Elaine Schock (publiciste, 1987 – 1994, 2007) :
Je ne pense pas qu'il y ait eu une quelconque sorte d'auto-sabotage conscient avecSNLet déchirer la photo du pape. Elle était censée faire une chanson intitulée « Scarlet Ribbons », mais pendant la répétition générale, elle m'a dit qu'elle voulait faire la chanson de Bob Marley « War ».SNL» a accepté, et pendant la répétition, elle a montré cette belle photo d'un bébé. Elle n'a pas dit : « Combattez le véritable ennemi », comme elle a fini par le dire en direct. Pour le moment, la caméra savait qu'il fallait conserver cette photo du bébé.
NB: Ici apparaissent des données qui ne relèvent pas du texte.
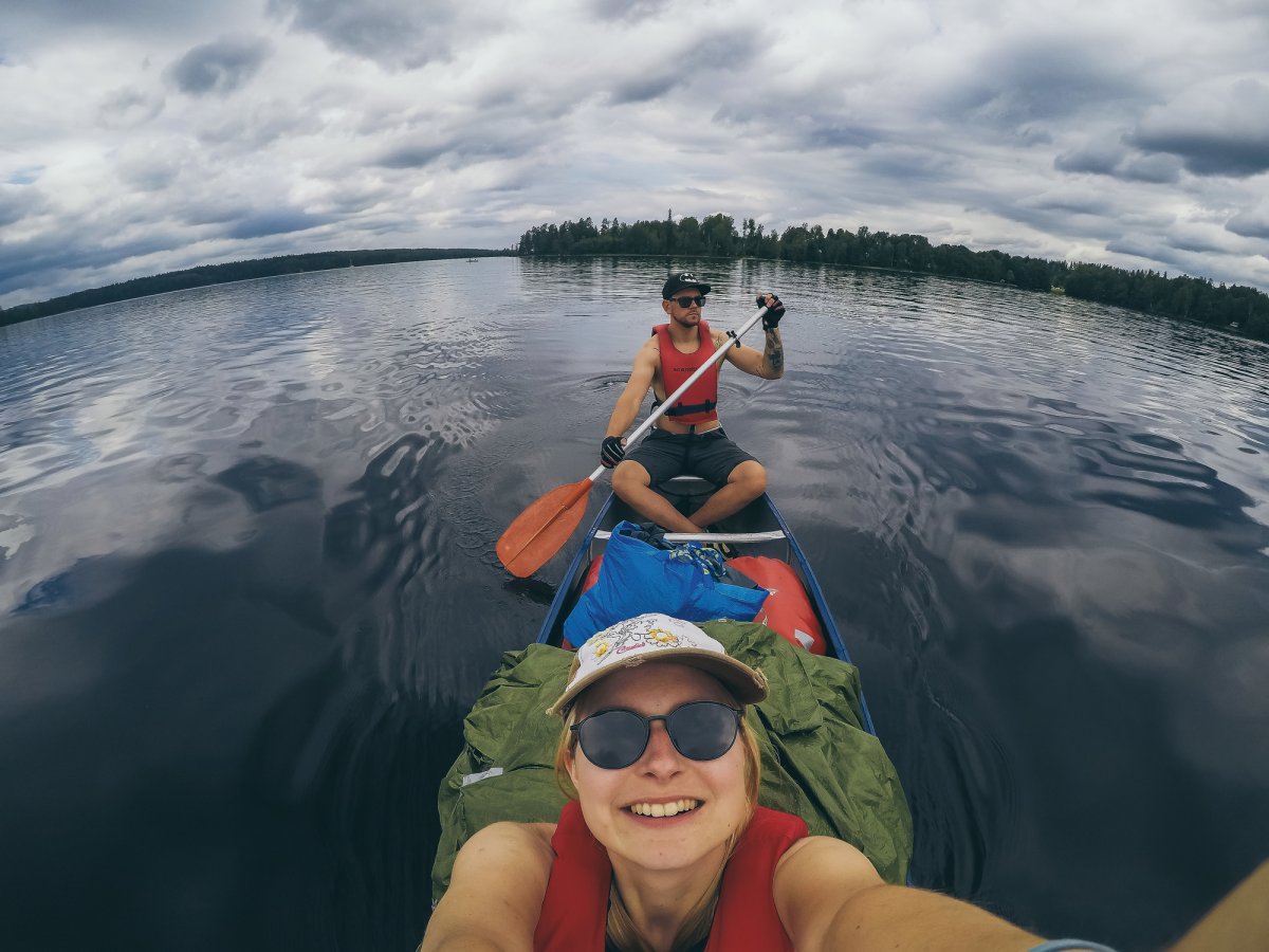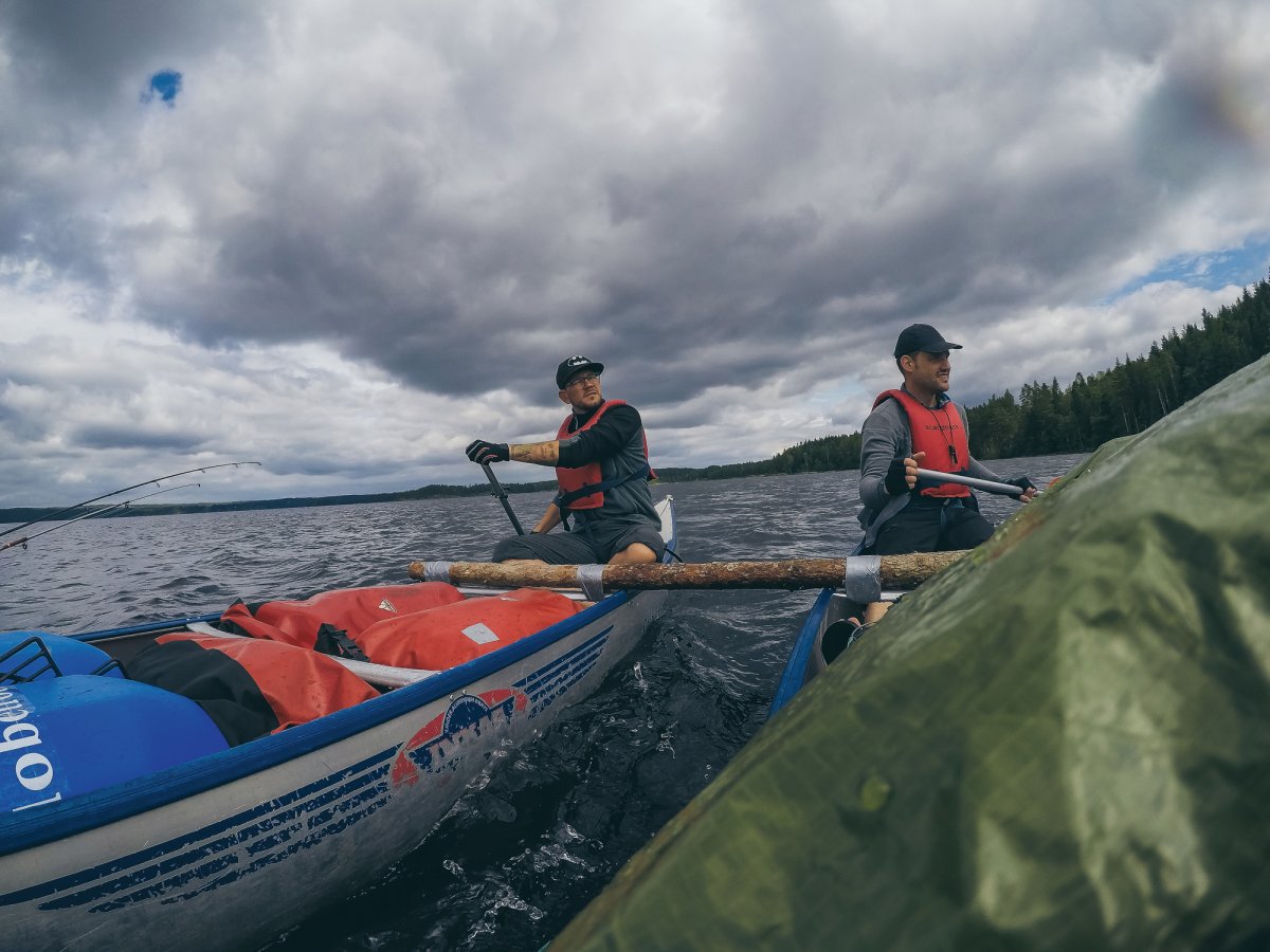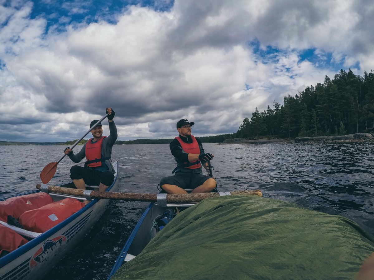Am nächsten Morgen gönnten wir uns einmal Ausschlafen, was sich ein wenig als Fehler herausstellte. Es war zwar diesig, jedoch sah der ruhige See auch so wunderschön aus. Nachdem wir unser spätes Frühstück genossen haben und unsere Sachen gepackt hatten, brachen wir also wieder auf mit dem Ziel, heute Dano 68 zu erreichen. Die Wolken hatten sich in höhere Lagen zurückgezogen und es klarte auf, jedoch kamen damit auch der Wind und die Wellen. Dadurch hatten wir ordentlich zu kämpfen und wurden immer wieder nass. An einer Landzunge, an der wir kurz Rast hielten, fanden wir einen großen Baumstamm, denn wir zersägten und unsere beiden Kanus damit verbunden. Als „Katamaran“ kamen wir etwas besser gegen die relativ hohen Wellen an, jedoch entschieden wir uns erschöpft, unser Ziel auch für den heutigen Tag aufzugeben und einen passenden Platz für die Nacht aufzusuchen, da wir uns nicht übernehmen wollten. Hinzu kam, dass wir unsere Karte – vermutlich durch den Wind – verloren und nicht ziellos fahren wollten. Wir landeten inmitten des Waldes zwischen unzähligen Blaubeersträuchern. Nachdem wir das Tarp zu einem Windschutz aufgebaut hatten, stärkten wir uns zunächst. Am Abend ließ der Wind nur wenig nach. Während Max Feuerholz besorgte, gingen Christoph und ich wieder auf Erkundungstour der Umgebung, um Fotos zu machen und den Ausblick auf den See zu genießen. Wir entschlossen uns, am nächsten Morgen früher aufzubrechen, damit wir unser Ziel endlich erreichen würden.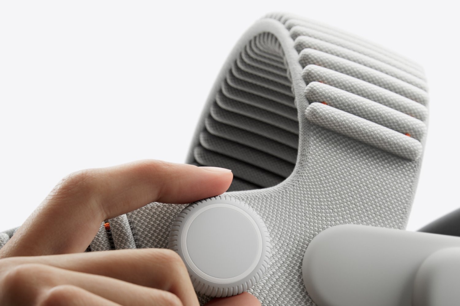 اپل در نسل جدید ویژن پرو، از بند Dual Knit Band استفاده کرده است که با ساختار بافتدار و وزن متعادل، فشار روی صورت را کاهش میدهد و تهویهی بهتری دارد. این بند با طراحی دوبخشی و تنظیمگر چرخشی دقیق، در سه اندازه عرضه میشود و حتی با مدل قبلی ویژن پرو نیز سازگاری دارد. ترکیب این طراحی با وزن متعادلتر دستگاه، استفادهی طولانیمدت از ویژن پرو را آسانتر میکند.

Jim Downey (ancienSNLscénariste/producteur en chef) :
J'étais une grande fan de Sinéad, donc j'étais là, devant elle, lorsqu'elle s'est produite ce soir-là. Après avoir déchiré la photo, il n’y avait juste… rien. Il n’y a pas eu de panique. C'était un peu comme : « Wow. Hein. C'était bizarre. Je ne me souviens pas que Lorne ait paniqué. J’ai été élevé dans la religion catholique et cela ne m’a pas vraiment offensé. Nous n'avons pas réédité pour la Côte Ouest, ce que nous aurions pu faire, et avons utilisé la version répétition générale. Personne ne s’arrachait les cheveux ou quoi que ce soit.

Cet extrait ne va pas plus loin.